Sumenep, locusjatim.com – Pemerintah Kabupaten Sumenep mengambil langkah tegas dalam mengawal distribusi bahan bakar minyak (BBM) bersubsidi. Fokus utama diarahkan pada pengguna yang memanfaatkan surat rekomendasi agar tidak terjadi praktik penyalahgunaan di lapangan.
Pengawasan kini dilakukan lebih menyeluruh, tidak hanya dari sisi administrasi, tetapi juga langsung pada rantai distribusi hingga ke SPBU. Pemerintah ingin memastikan BBM benar-benar dimanfaatkan oleh sektor yang membutuhkan, seperti pertanian dan perikanan.
Kepala Bagian Perekonomian dan SDA Setdakab Sumenep, Dadang Dedy Iskandar, menegaskan bahwa penyaluran BBM harus berbasis kebutuhan nyata, bukan sekadar pengajuan.
“Pengawasan kita tetap lakukan dan kita pastikan kepada Pertamina harus disesuaikan dengan kebutuhan,” ujarnya, Selasa (31/03/2026).
Menurutnya, setiap penerima rekomendasi sudah memiliki batas pembelian yang dihitung secara detail. Perhitungan tersebut didasarkan pada karakteristik alat yang digunakan, durasi operasional, hingga intensitas pemakaian, sehingga kuota yang diberikan tidak bersifat sembarangan.

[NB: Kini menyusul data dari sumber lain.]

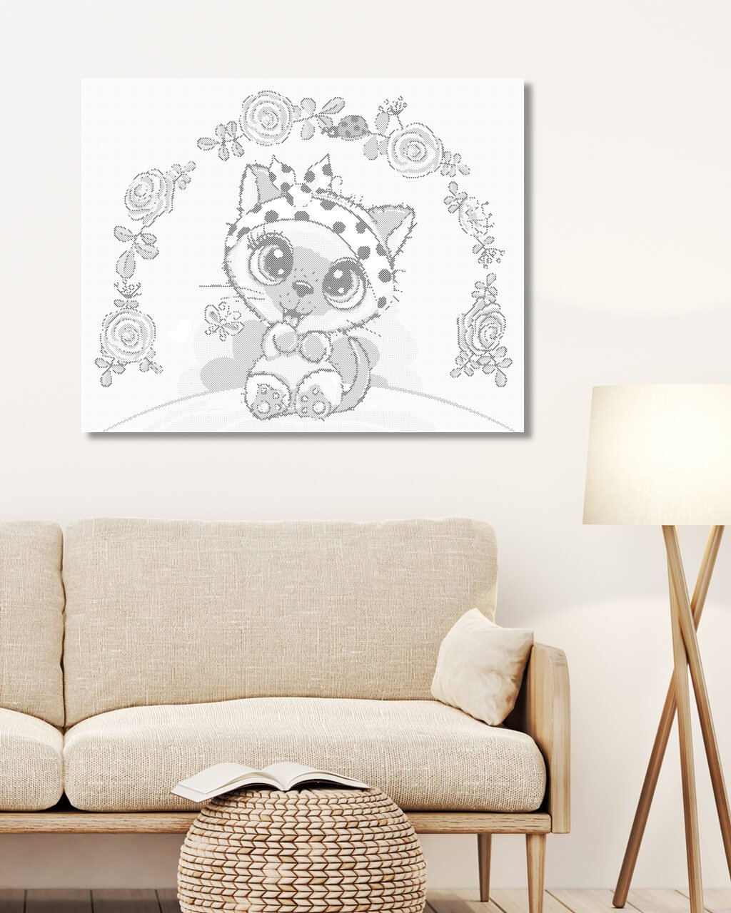 Bodkovanie - MALÁ MAČKA S KVETMI

Untuk mempersempit ruang manipulasi, sistem digital X-Star milik BPH Migas digunakan sebagai acuan. Aplikasi ini secara otomatis menentukan batas maksimal pembelian BBM, sehingga prosesnya lebih transparan dan sulit disalahgunakan.
Meski sistem sudah terukur, pemerintah tetap memberikan fleksibilitas dalam kondisi tertentu. Penyesuaian kuota masih dimungkinkan apabila ditemukan ketidaksesuaian antara data dan kebutuhan riil di lapangan.
“Jangan sampai ada penyelewengan ataupun pelanggaran-pelanggaran di lapangan itu yang harus dilakukan,” tegasnya.
Tak hanya pemerintah, pihak SPBU juga diminta aktif mengawasi transaksi BBM bersubsidi. Mereka menjadi garda terdepan untuk memastikan aturan berjalan sesuai ketentuan.
Pemkab Sumenep juga mengingatkan bahwa pelanggaran tidak akan ditoleransi. Setiap penyalahgunaan surat rekomendasi akan berujung pada sanksi pidana bagi pelaku.
Dengan kombinasi pengawasan ketat dan sistem berbasis digital, pemerintah berharap distribusi BBM di Sumenep semakin tertib dan benar-benar menyasar pihak yang berhak.
“Apabila pemegang rekom itu melakukan penyelewengan atau pelanggaran, dia akan menanggung sendiri sanksi pidana,” tandasnya.